▸ **WORK REQUEST**
An exact reprint of every record below is required, with the pictures left out.

▸ **TASK INPUTS**
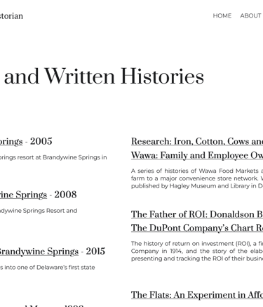 In addition to full website builds, I’ve contributed to ongoing website updates for New Castle County Vo-Tech('20-'25) and Superior Glass & Mirror ('25-'26), designing and maintaining content for many pages beyond the homepage.
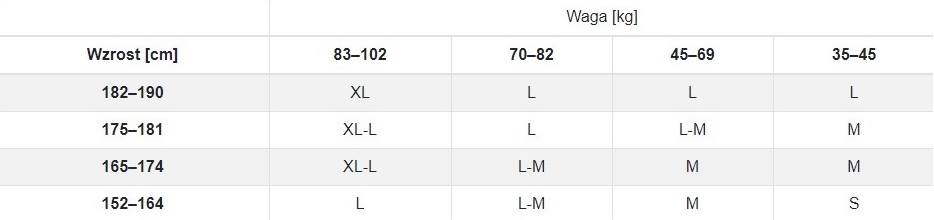 Po dokonaniu wyżej wskazanych pomiarów porównaj je ze wskazanymi w poniższych tabelach i wybierz odpowiedni rozmiar.
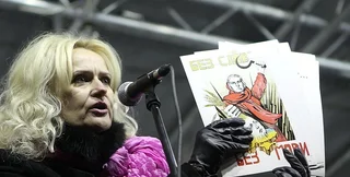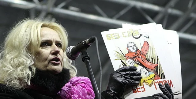 Как сообщает пресс-служба партии, когда Фарион поднималась на сцену для выступления, трое молодых мужчин крепкого телосложения пытались помешать ей и начали стягивать со сцены.
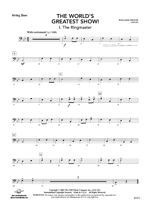 "The World’s Greatest Show! - String Bass" Sheet Music by William Owens
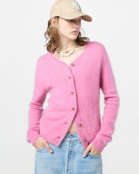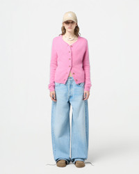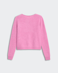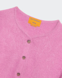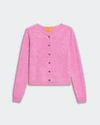 - Brushed Cashmere Crew-Neck Cardigan - Women's sizing, intended to fit true to size. - Medium-weight knit - GRIZZLY BRUSHED EFFECT - RIB HEM AND CUFF TRIM - JERSEY TUBULAR BINDING AROUND NECK AND FRONT PLACKET - Signature GIR branding at center back neck - 100% Cashmere - NADINE IS 5' 9" / 175 CM and is wearing a Small. - Premium cashmere sourced from inner Mongolia, manufactured in China
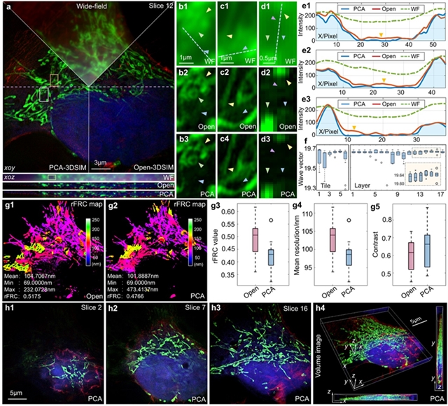 图3. 在Nikon N-SIM平台下对COS-7细胞样本进行的超分辨成像对比实验。a-d 宽场图像与不同方法获得的超分辨图像;e 图b-d中沿蓝色线的强度剖面图;f 特定层中沿x方向分块图像的横向波矢分布,以及某一横向位置在不同层中的波矢分布;g 特定层超分辨图像的rFRC图及三维图像堆栈的rFRC值分布、平均分辨率分布与对比度分布;h PCA-3DSIM获得的不同层超分辨图像切片及其整体三维视图。
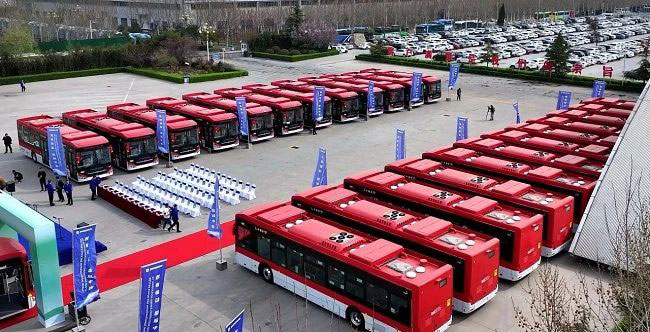 (山東重工旗下中通客車出口智利的895輛純電動(dòng)客車訂單的首批車輛,在山東聊城隆重發(fā)車。)
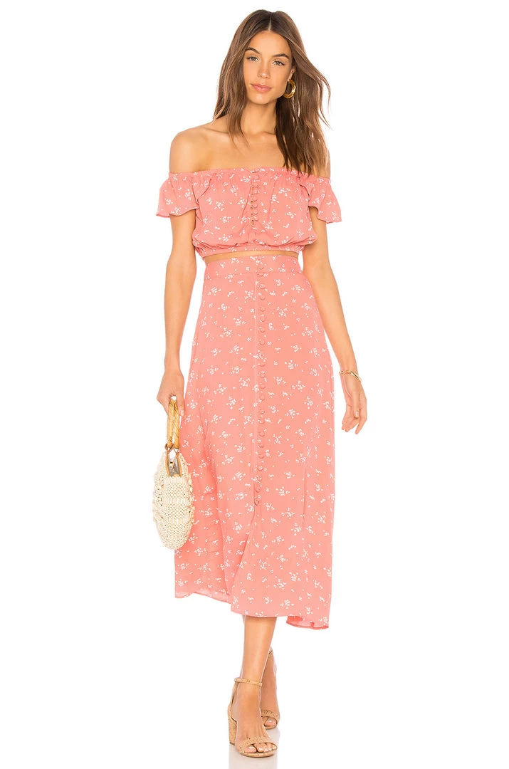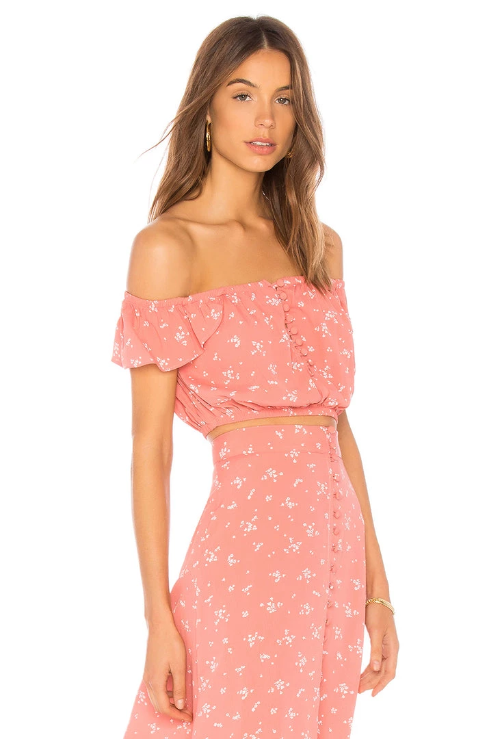 Flynn Skye’s Tori Top is a sweet and sexy crop top that features ruffled off-the-shoulder elastic sleeves and buttons running down the front. So cute!
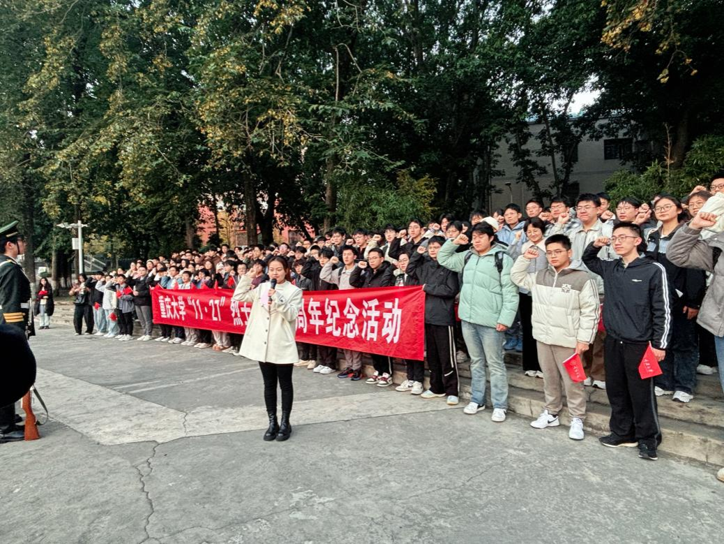 沙坪坝校区与科学城校区同步举行纪念“11・27”烈士殉难76周年升国旗仪式。其中,沙坪坝校区的仪式由动漫AV
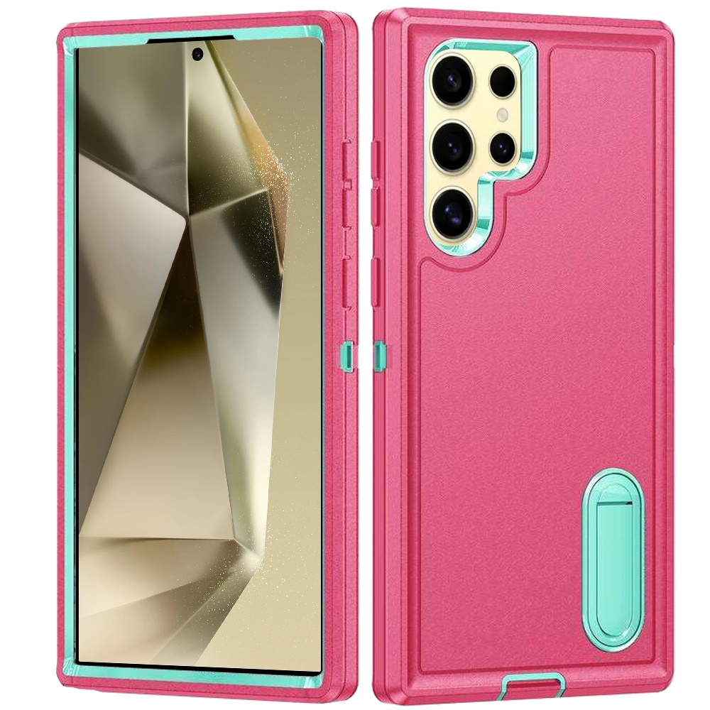 Phone Case for Galaxy S24 Ultra Shockproof 3in1 Toughest Full Body Protective Stand Anti-Slip Slim Hard Cell Phone Cases with Kickstand Scratch Resistant Armor Design Tough Defender Hybrid Phone Cover
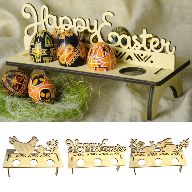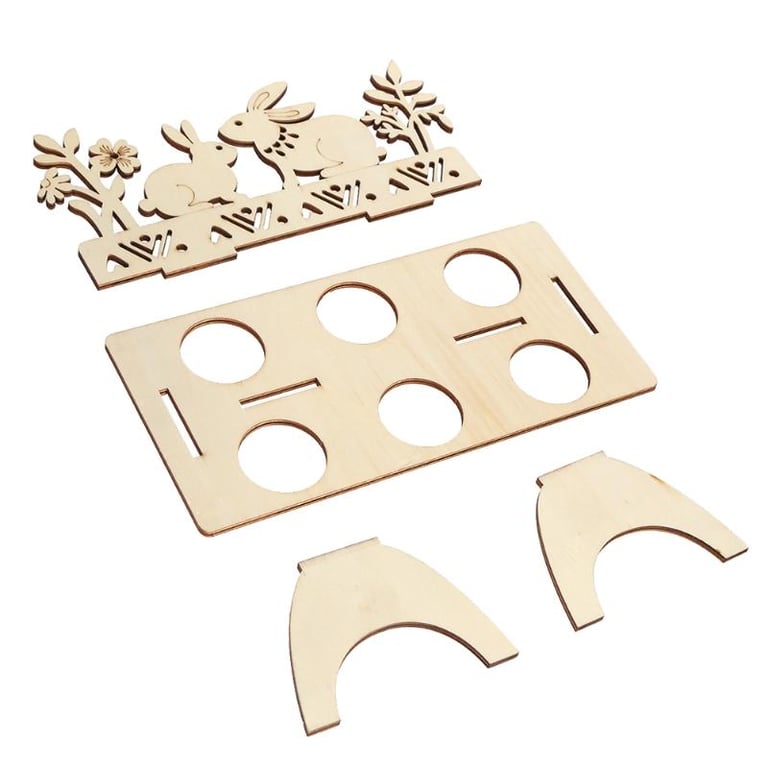 These wooden decorations are designed for placing Easter eggs.

▸ **RESULT OF THE EXERCISE**
 In addition to full website builds, I’ve contributed to ongoing website updates for New Castle County Vo-Tech('20-'25) and Superior Glass & Mirror ('25-'26), designing and maintaining content for many pages beyond the homepage.
 Po dokonaniu wyżej wskazanych pomiarów porównaj je ze wskazanymi w poniższych tabelach i wybierz odpowiedni rozmiar.
 Как сообщает пресс-служба партии, когда Фарион поднималась на сцену для выступления, трое молодых мужчин крепкого телосложения пытались помешать ей и начали стягивать со сцены.
 "The World’s Greatest Show! - String Bass" Sheet Music by William Owens
 - Brushed Cashmere Crew-Neck Cardigan - Women's sizing, intended to fit true to size. - Medium-weight knit - GRIZZLY BRUSHED EFFECT - RIB HEM AND CUFF TRIM - JERSEY TUBULAR BINDING AROUND NECK AND FRONT PLACKET - Signature GIR branding at center back neck - 100% Cashmere - NADINE IS 5' 9" / 175 CM and is wearing a Small. - Premium cashmere sourced from inner Mongolia, manufactured in China
 图3. 在Nikon N-SIM平台下对COS-7细胞样本进行的超分辨成像对比实验。a-d 宽场图像与不同方法获得的超分辨图像;e 图b-d中沿蓝色线的强度剖面图;f 特定层中沿x方向分块图像的横向波矢分布,以及某一横向位置在不同层中的波矢分布;g 特定层超分辨图像的rFRC图及三维图像堆栈的rFRC值分布、平均分辨率分布与对比度分布;h PCA-3DSIM获得的不同层超分辨图像切片及其整体三维视图。
 (山東重工旗下中通客車出口智利的895輛純電動(dòng)客車訂單的首批車輛,在山東聊城隆重發(fā)車。)
 Flynn Skye’s Tori Top is a sweet and sexy crop top that features ruffled off-the-shoulder elastic sleeves and buttons running down the front. So cute!
 沙坪坝校区与科学城校区同步举行纪念“11・27”烈士殉难76周年升国旗仪式。其中,沙坪坝校区的仪式由动漫AV
 Phone Case for Galaxy S24 Ultra Shockproof 3in1 Toughest Full Body Protective Stand Anti-Slip Slim Hard Cell Phone Cases with Kickstand Scratch Resistant Armor Design Tough Defender Hybrid Phone Cover
 These wooden decorations are designed for placing Easter eggs.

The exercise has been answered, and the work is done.